Activity:
All of the listing, from first line to last, should be output exactly; the pictures stay out.

==== Data

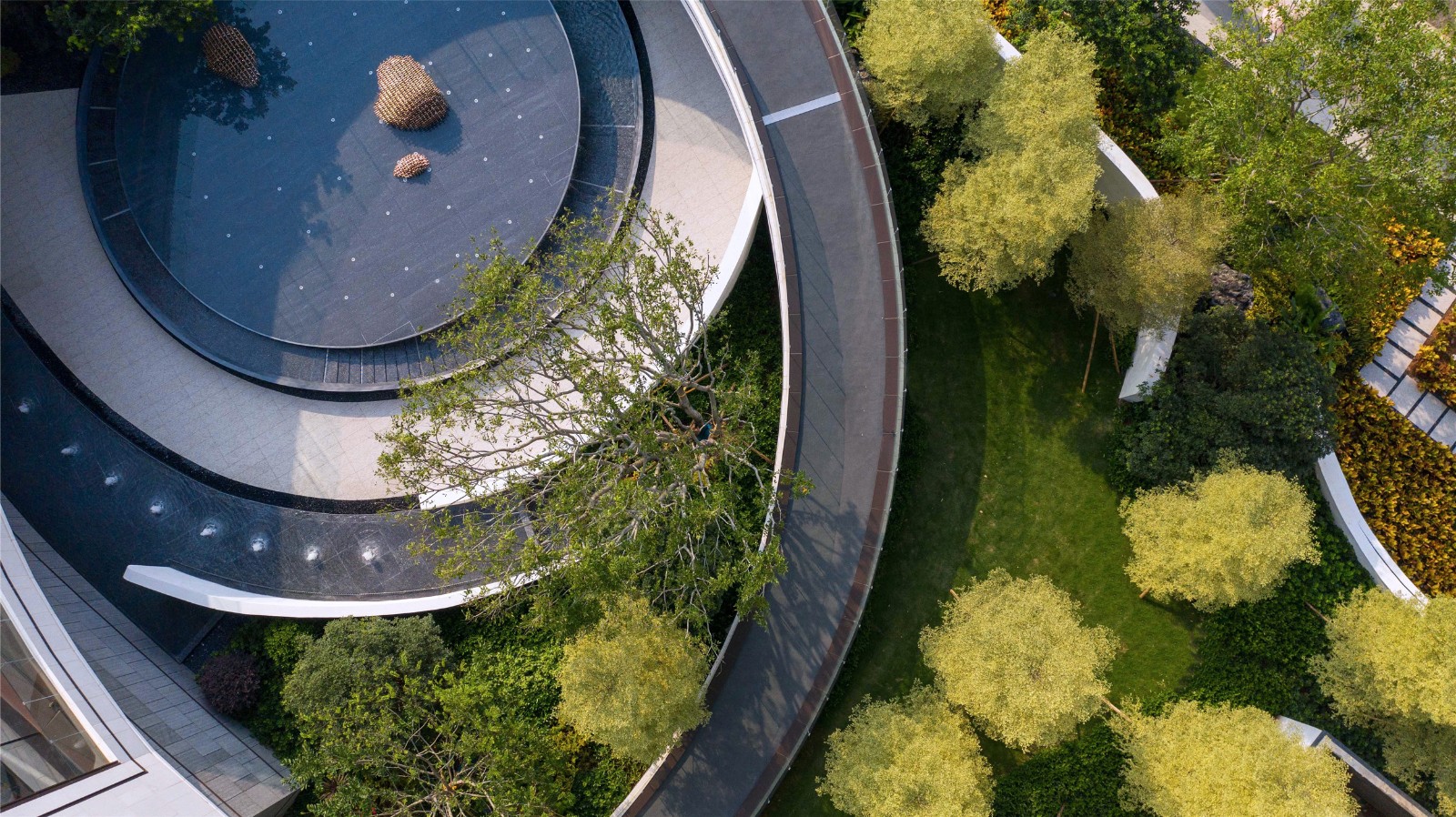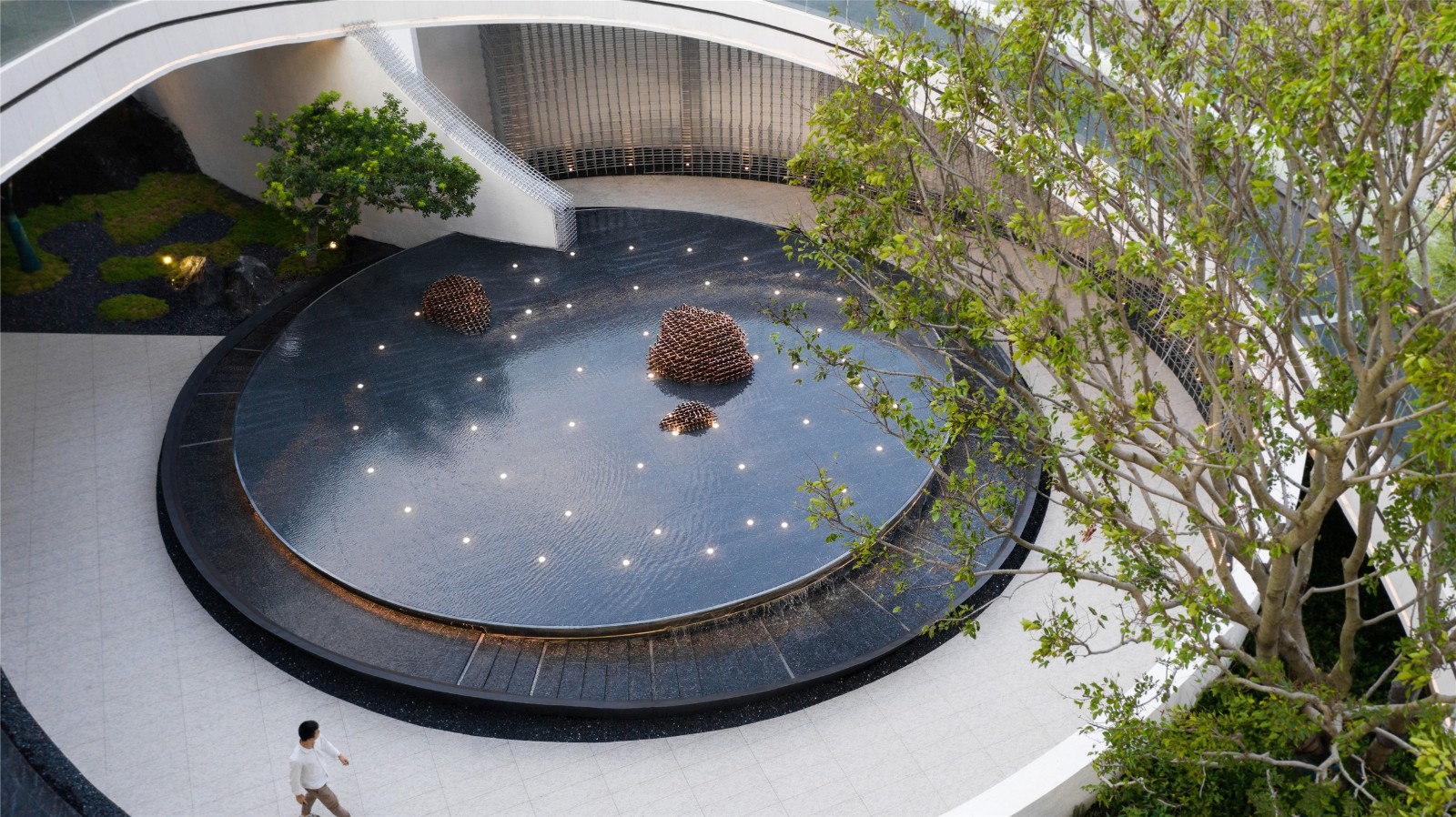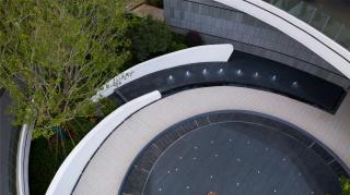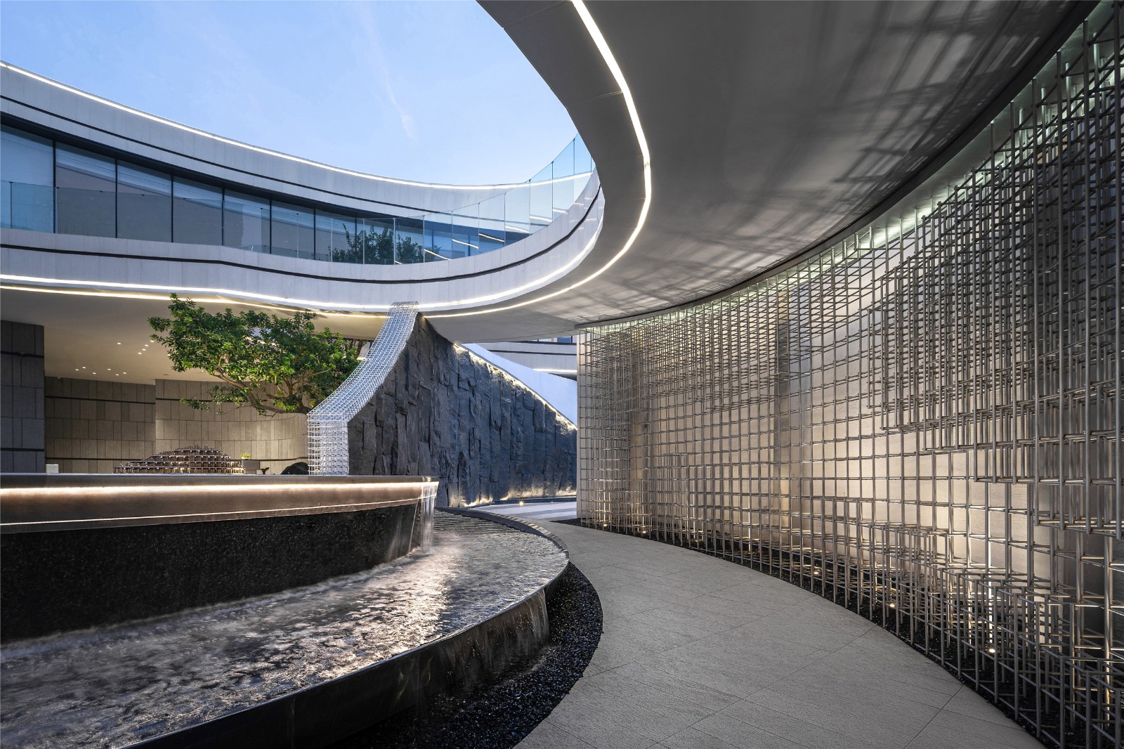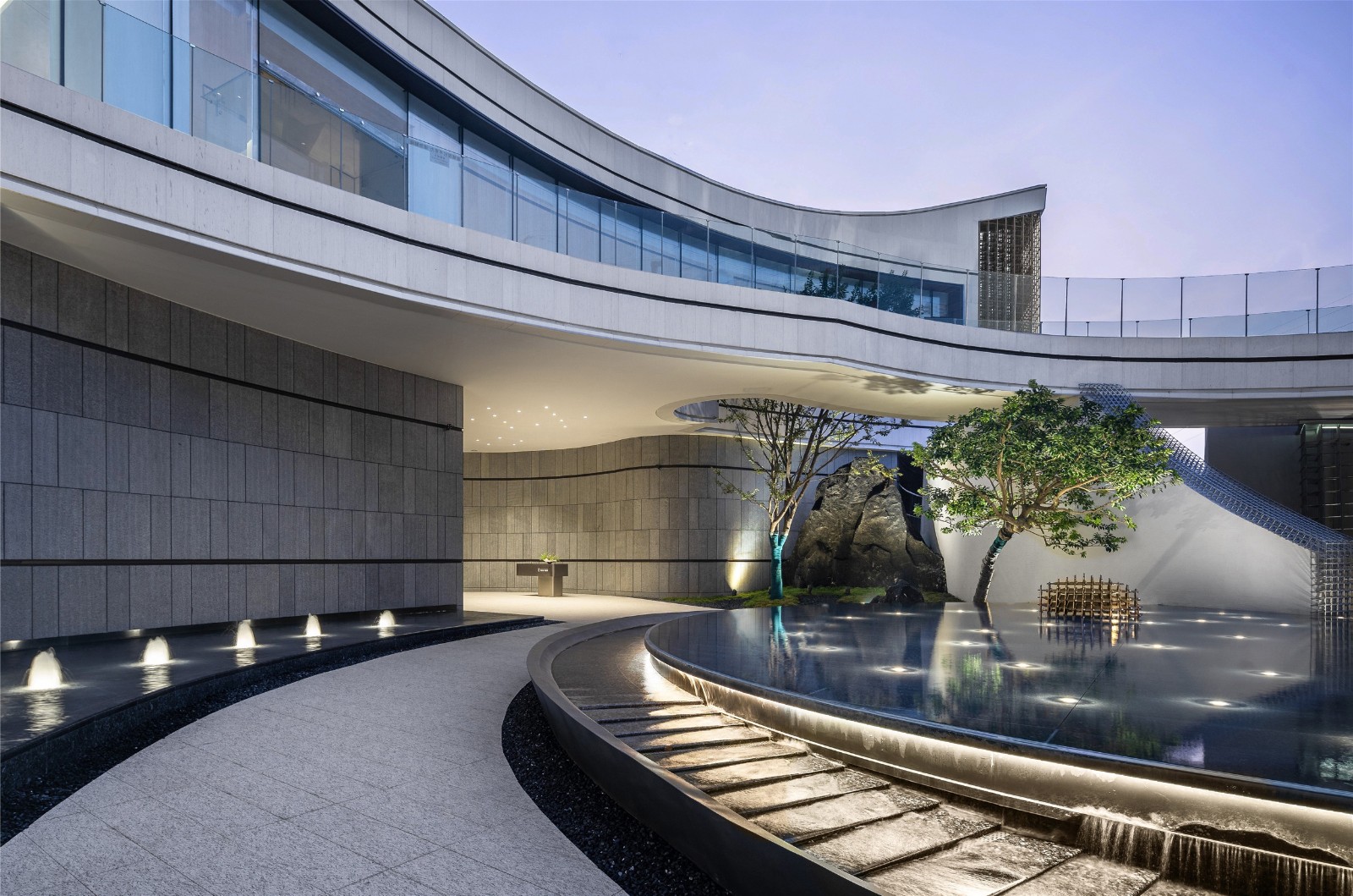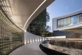 棱角分明的格柵墻與圓弧形的島中湖相互輝映
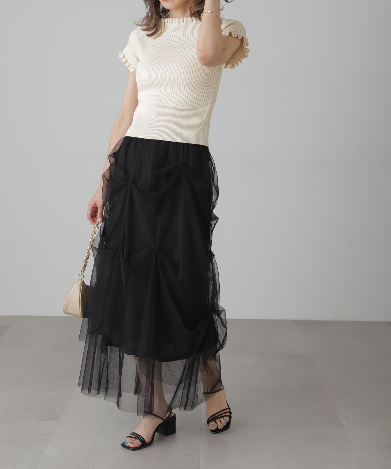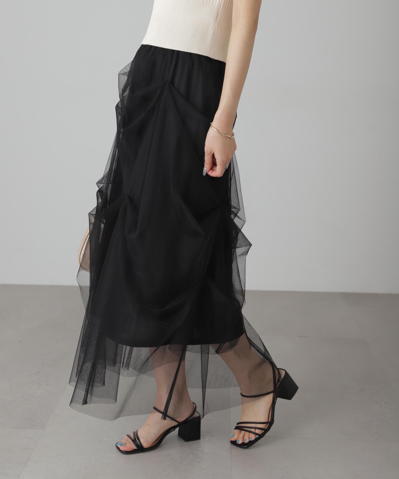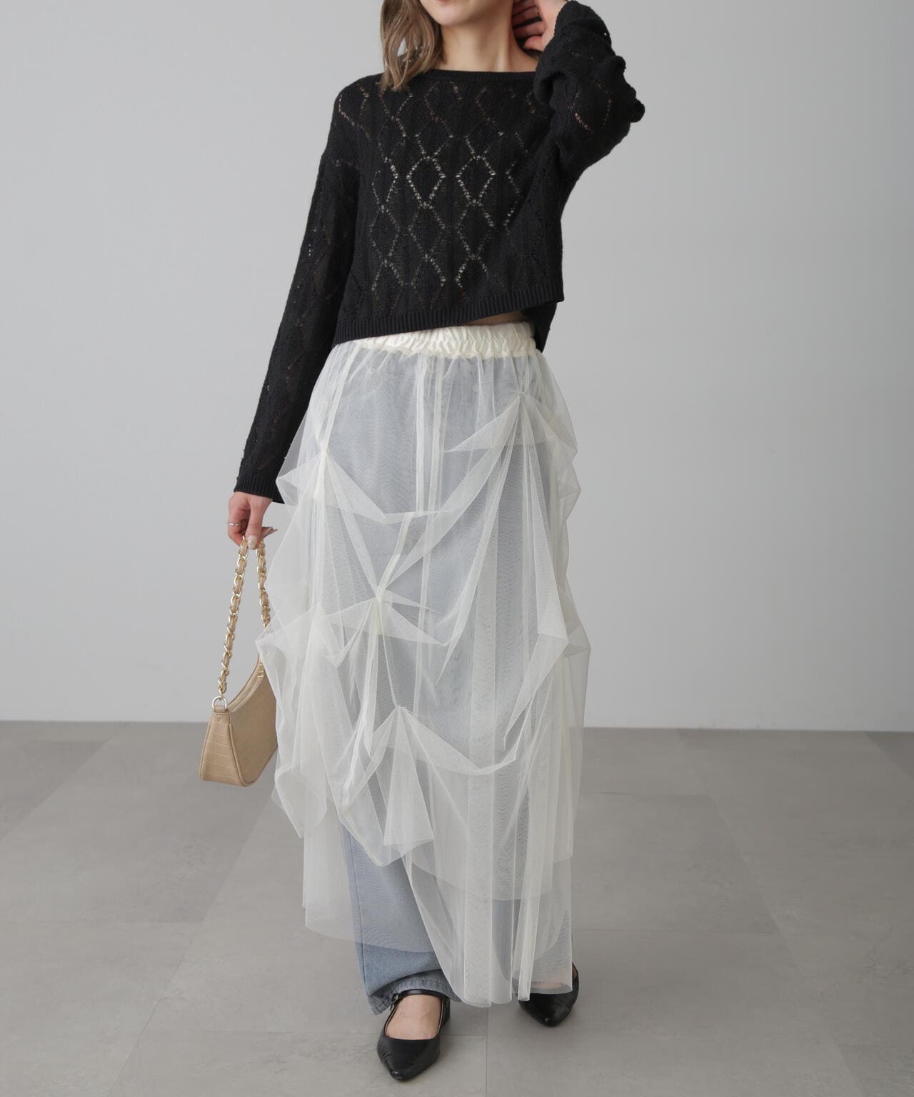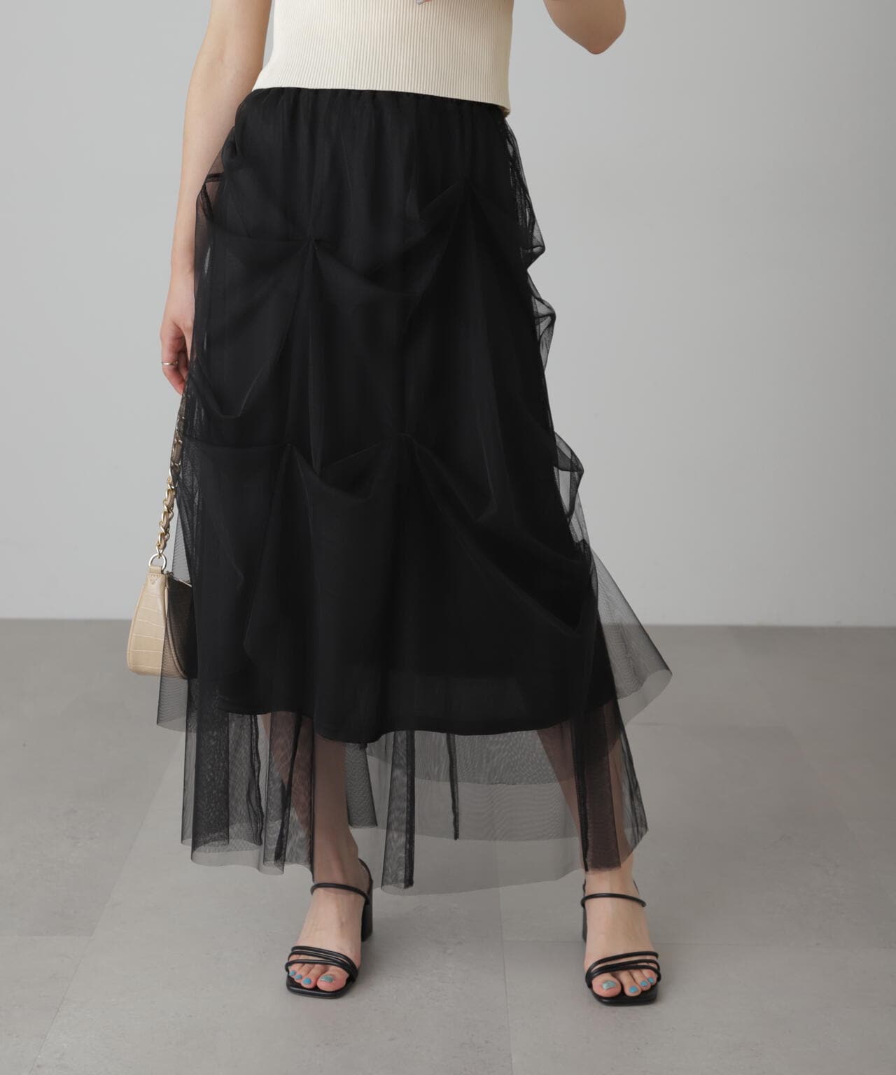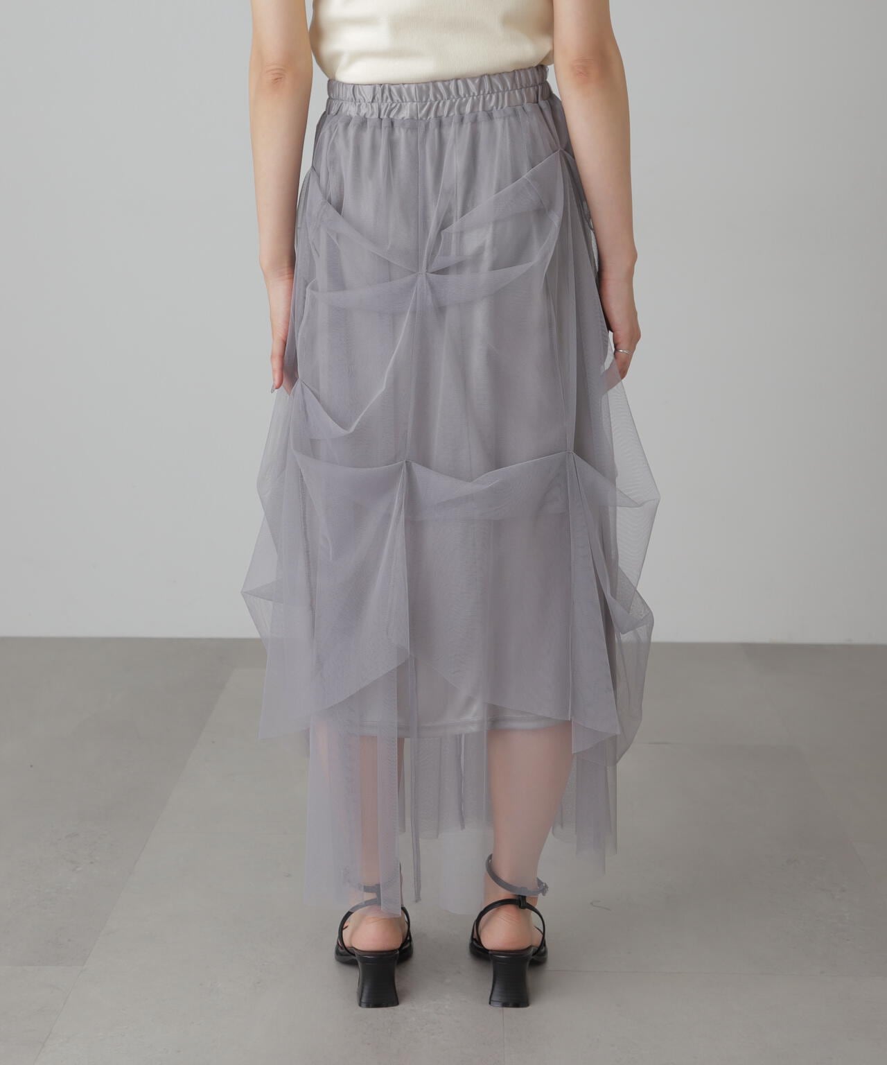 チュールを2枚仕立てにし、ランダム&イレギュラーにタックを入れたデコラティブなデザインスカート。別付けのペチコートが付いているので、透けの心配なく着用していただけます。裏地はペチコートになっているので、チュールを透けさせデニムパンツとレイヤードさせプリントTと合わせたカジュアルなスタイリングがおススメです。トップスを無地Tやタンクで、レディなシューズと合わせてきれいめスタイルにも合います。1枚で主役になってくれるキャッチーなデザインで、今季おススメのアイテムです。
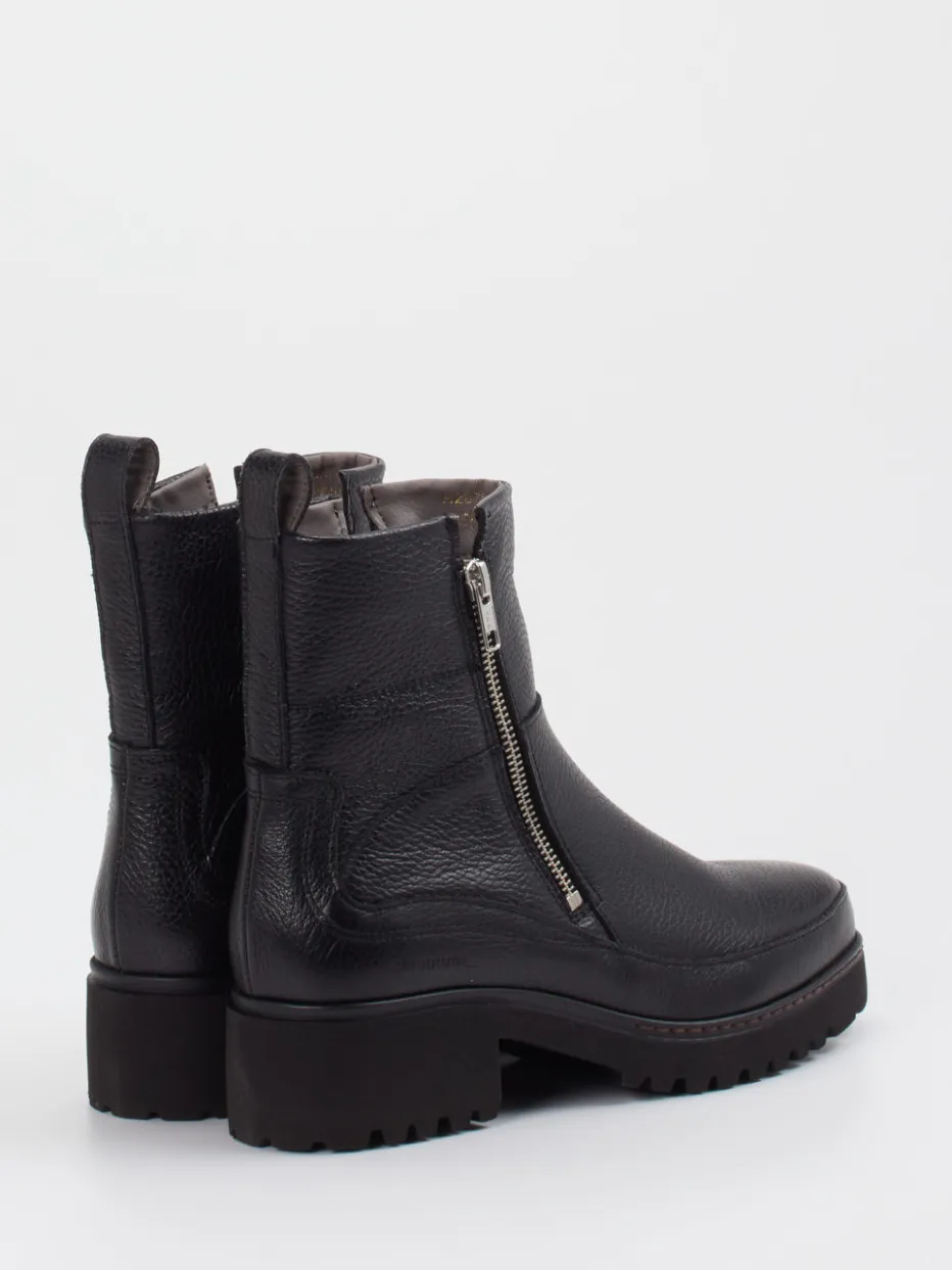 Diese schwarze Kalbleder-Stiefelette überzeugt durch ihre robuste Profilsohle, dezente Steppungen und funktionale Reißverschlüsse – ideal für stilvolle Herbsttage.

========

Response for this exercise:
 棱角分明的格柵墻與圓弧形的島中湖相互輝映
 チュールを2枚仕立てにし、ランダム&イレギュラーにタックを入れたデコラティブなデザインスカート。別付けのペチコートが付いているので、透けの心配なく着用していただけます。裏地はペチコートになっているので、チュールを透けさせデニムパンツとレイヤードさせプリントTと合わせたカジュアルなスタイリングがおススメです。トップスを無地Tやタンクで、レディなシューズと合わせてきれいめスタイルにも合います。1枚で主役になってくれるキャッチーなデザインで、今季おススメのアイテムです。
 Diese schwarze Kalbleder-Stiefelette überzeugt durch ihre robuste Profilsohle, dezente Steppungen und funktionale Reißverschlüsse – ideal für stilvolle Herbsttage.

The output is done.